[Provided data]
________________

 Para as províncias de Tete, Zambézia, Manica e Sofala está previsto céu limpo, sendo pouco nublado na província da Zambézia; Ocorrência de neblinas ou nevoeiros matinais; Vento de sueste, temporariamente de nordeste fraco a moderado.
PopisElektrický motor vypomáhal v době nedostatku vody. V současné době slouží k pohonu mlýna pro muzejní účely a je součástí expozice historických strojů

________________

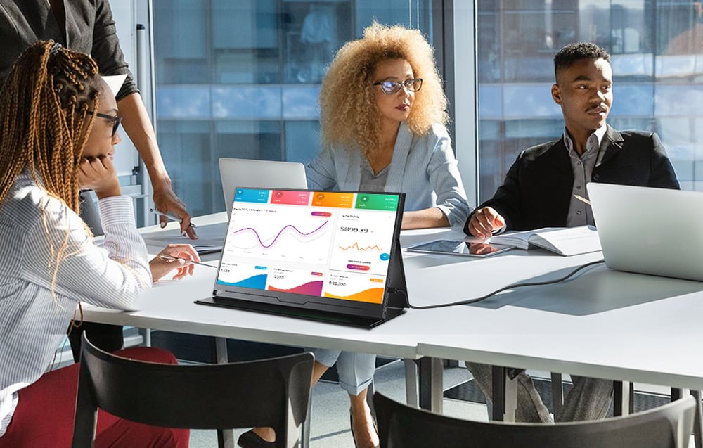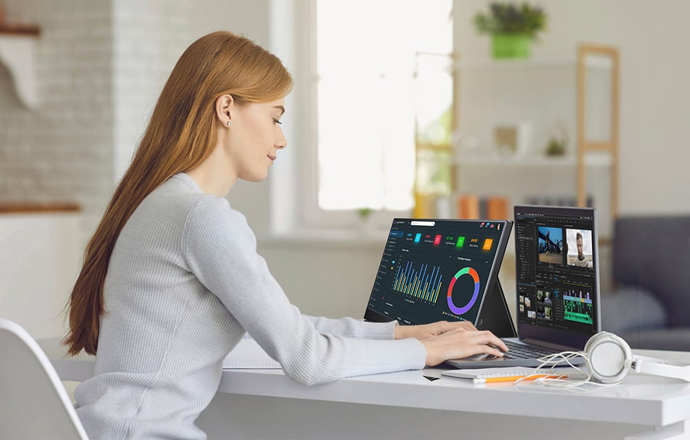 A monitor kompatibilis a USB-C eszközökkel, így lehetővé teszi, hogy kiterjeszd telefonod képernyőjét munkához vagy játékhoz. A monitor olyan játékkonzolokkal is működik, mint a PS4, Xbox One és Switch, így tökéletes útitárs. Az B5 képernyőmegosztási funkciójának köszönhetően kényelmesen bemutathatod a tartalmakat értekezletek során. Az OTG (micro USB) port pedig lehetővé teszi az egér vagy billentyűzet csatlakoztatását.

________________

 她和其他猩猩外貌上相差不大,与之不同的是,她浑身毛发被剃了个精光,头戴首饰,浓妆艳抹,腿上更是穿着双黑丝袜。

________________

Given the records above, return exactly the lines starting at the line containing "Para as províncias" and ending at the line containing "PopisElektrický motor vypomáhal", including both.

[Exercise output]
 Para as províncias de Tete, Zambézia, Manica e Sofala está previsto céu limpo, sendo pouco nublado na província da Zambézia; Ocorrência de neblinas ou nevoeiros matinais; Vento de sueste, temporariamente de nordeste fraco a moderado.
PopisElektrický motor vypomáhal v době nedostatku vody. V současné době slouží k pohonu mlýna pro muzejní účely a je součástí expozice historických strojů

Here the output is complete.